**Exercise directions:** Reproduce, without any change, the span of lines from the opening of the records below to the line containing "단, 모든 품목이 다", inclusive.
▽
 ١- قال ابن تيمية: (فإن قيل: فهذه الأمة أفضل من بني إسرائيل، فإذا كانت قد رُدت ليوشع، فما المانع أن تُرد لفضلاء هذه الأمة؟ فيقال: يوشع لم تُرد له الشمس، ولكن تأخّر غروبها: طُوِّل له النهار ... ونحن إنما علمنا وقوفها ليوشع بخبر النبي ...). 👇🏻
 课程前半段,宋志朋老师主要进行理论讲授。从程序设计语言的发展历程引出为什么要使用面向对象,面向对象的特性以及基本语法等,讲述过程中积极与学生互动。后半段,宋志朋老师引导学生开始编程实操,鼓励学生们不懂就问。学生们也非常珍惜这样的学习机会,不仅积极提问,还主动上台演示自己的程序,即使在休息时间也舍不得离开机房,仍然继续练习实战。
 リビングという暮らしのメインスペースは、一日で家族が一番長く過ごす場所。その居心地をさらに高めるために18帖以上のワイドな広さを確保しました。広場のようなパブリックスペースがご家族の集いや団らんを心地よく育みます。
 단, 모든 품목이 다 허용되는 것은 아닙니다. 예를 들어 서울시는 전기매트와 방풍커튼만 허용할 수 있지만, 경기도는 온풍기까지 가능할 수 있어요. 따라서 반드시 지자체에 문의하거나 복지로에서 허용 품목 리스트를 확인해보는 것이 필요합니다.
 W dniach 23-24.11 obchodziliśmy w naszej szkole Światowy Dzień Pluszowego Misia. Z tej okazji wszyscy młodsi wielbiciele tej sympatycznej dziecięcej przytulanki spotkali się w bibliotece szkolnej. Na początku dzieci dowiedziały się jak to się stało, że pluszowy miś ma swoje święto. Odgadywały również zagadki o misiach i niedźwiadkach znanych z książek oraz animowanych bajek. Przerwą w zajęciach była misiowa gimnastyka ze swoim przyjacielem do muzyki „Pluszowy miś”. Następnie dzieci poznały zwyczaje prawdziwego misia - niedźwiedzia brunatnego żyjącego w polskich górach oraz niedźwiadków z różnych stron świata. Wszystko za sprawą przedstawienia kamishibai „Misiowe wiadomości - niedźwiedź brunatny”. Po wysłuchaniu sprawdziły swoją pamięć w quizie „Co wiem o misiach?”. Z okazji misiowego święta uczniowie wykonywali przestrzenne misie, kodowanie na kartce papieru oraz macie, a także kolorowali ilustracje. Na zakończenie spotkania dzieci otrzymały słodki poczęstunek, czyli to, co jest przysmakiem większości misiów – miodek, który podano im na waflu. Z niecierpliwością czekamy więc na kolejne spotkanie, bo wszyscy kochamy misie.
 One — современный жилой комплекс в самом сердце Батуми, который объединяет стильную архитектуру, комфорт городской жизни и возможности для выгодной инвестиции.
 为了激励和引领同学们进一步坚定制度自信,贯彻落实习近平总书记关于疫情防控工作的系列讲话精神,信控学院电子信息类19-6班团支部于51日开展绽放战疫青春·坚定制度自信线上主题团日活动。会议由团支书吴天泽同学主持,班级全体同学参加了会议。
△
**Solution:**
 ١- قال ابن تيمية: (فإن قيل: فهذه الأمة أفضل من بني إسرائيل، فإذا كانت قد رُدت ليوشع، فما المانع أن تُرد لفضلاء هذه الأمة؟ فيقال: يوشع لم تُرد له الشمس، ولكن تأخّر غروبها: طُوِّل له النهار ... ونحن إنما علمنا وقوفها ليوشع بخبر النبي ...). 👇🏻
 课程前半段,宋志朋老师主要进行理论讲授。从程序设计语言的发展历程引出为什么要使用面向对象,面向对象的特性以及基本语法等,讲述过程中积极与学生互动。后半段,宋志朋老师引导学生开始编程实操,鼓励学生们不懂就问。学生们也非常珍惜这样的学习机会,不仅积极提问,还主动上台演示自己的程序,即使在休息时间也舍不得离开机房,仍然继续练习实战。
 リビングという暮らしのメインスペースは、一日で家族が一番長く過ごす場所。その居心地をさらに高めるために18帖以上のワイドな広さを確保しました。広場のようなパブリックスペースがご家族の集いや団らんを心地よく育みます。
 단, 모든 품목이 다 허용되는 것은 아닙니다. 예를 들어 서울시는 전기매트와 방풍커튼만 허용할 수 있지만, 경기도는 온풍기까지 가능할 수 있어요. 따라서 반드시 지자체에 문의하거나 복지로에서 허용 품목 리스트를 확인해보는 것이 필요합니다.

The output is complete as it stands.